#### WORK TO BE COMPLETED
From the entries below, return exactly the lines beginning at the one that contains "春休み ジュニアコースのキャンペーンを実施いたします。" and ending at the one that contains "Клей ПВА-СУПЕР BRAUBERG", both of them included, and only those lines.

#### SUPPLIED INFORMATION
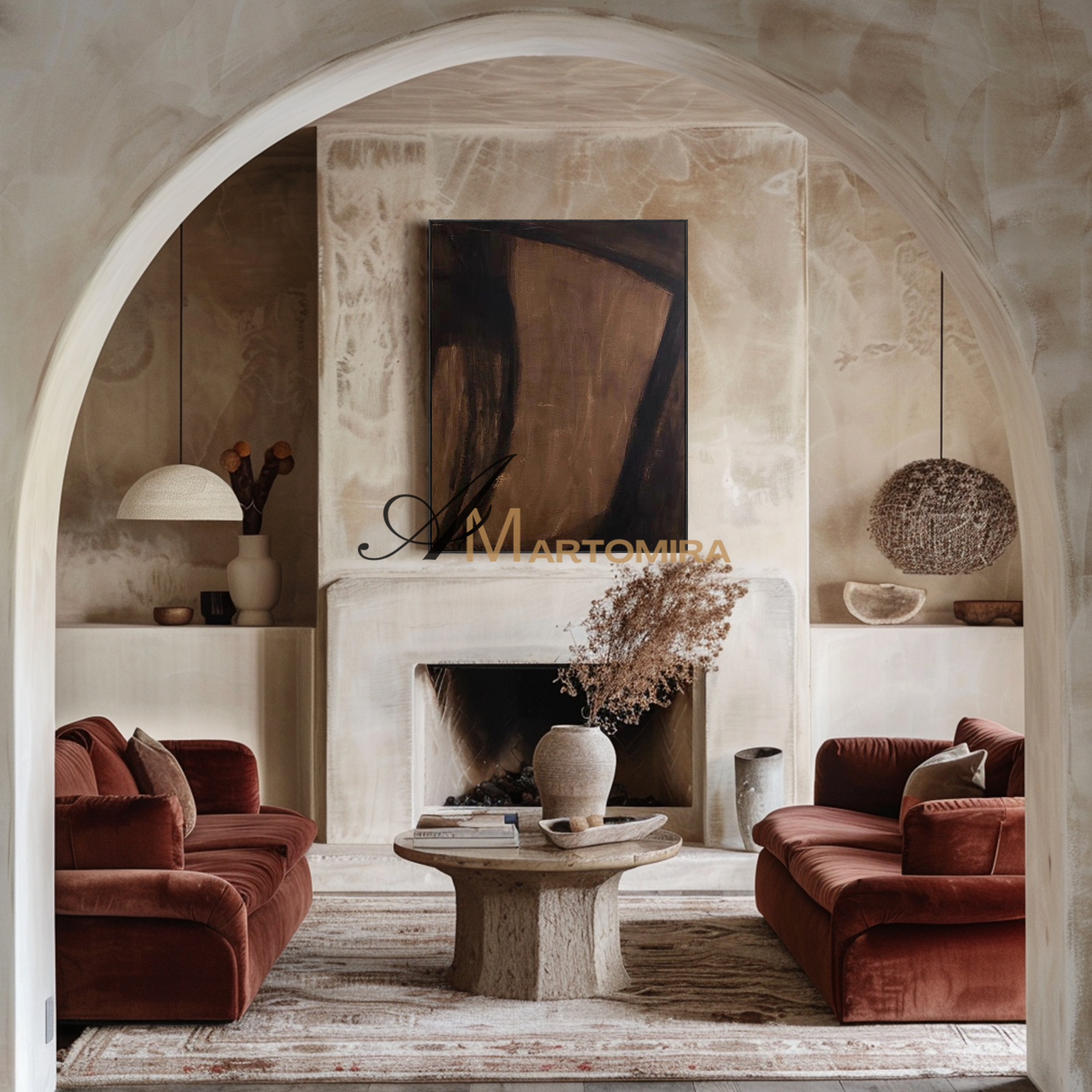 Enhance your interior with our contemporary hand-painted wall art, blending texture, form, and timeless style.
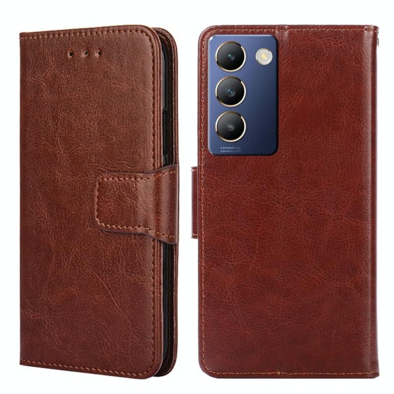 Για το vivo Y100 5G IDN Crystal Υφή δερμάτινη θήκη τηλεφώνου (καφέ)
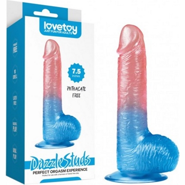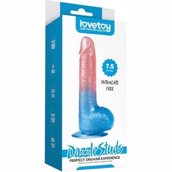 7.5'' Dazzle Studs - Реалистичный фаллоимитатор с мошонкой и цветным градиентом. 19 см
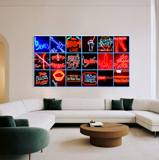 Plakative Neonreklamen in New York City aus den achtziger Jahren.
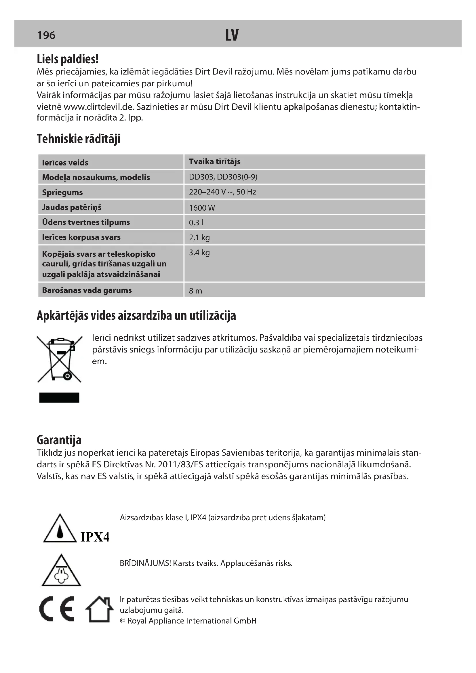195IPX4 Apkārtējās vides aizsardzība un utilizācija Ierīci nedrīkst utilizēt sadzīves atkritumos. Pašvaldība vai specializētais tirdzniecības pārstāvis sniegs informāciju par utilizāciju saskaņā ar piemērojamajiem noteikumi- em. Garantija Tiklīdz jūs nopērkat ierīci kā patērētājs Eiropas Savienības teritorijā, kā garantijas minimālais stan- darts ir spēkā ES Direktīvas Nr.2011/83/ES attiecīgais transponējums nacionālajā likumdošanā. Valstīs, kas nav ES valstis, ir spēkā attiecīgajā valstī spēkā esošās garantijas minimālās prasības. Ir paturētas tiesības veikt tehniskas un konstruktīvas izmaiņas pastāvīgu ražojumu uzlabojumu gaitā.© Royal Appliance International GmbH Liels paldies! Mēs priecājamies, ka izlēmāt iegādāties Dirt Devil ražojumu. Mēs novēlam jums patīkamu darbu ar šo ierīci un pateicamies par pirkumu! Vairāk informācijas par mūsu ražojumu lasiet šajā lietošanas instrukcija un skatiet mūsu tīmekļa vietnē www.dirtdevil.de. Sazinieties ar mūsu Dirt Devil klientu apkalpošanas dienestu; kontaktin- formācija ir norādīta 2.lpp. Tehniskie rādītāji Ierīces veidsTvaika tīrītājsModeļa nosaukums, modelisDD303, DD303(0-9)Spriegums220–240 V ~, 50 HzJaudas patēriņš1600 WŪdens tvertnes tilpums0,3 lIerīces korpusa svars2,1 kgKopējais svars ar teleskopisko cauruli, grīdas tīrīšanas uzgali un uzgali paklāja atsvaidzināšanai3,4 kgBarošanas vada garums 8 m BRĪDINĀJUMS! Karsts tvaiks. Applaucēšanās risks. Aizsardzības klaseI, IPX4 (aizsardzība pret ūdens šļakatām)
--
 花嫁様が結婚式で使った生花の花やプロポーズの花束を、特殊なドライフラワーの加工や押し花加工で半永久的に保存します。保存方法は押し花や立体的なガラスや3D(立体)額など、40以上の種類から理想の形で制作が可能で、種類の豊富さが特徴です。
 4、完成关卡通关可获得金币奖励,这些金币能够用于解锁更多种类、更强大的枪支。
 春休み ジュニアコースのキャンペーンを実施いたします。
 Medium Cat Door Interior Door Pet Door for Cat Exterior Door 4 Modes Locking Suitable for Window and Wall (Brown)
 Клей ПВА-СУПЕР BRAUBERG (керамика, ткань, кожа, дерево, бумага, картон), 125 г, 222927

#### ANSWER FOR THE TASK
 春休み ジュニアコースのキャンペーンを実施いたします。
 Medium Cat Door Interior Door Pet Door for Cat Exterior Door 4 Modes Locking Suitable for Window and Wall (Brown)
 Клей ПВА-СУПЕР BRAUBERG (керамика, ткань, кожа, дерево, бумага, картон), 125 г, 222927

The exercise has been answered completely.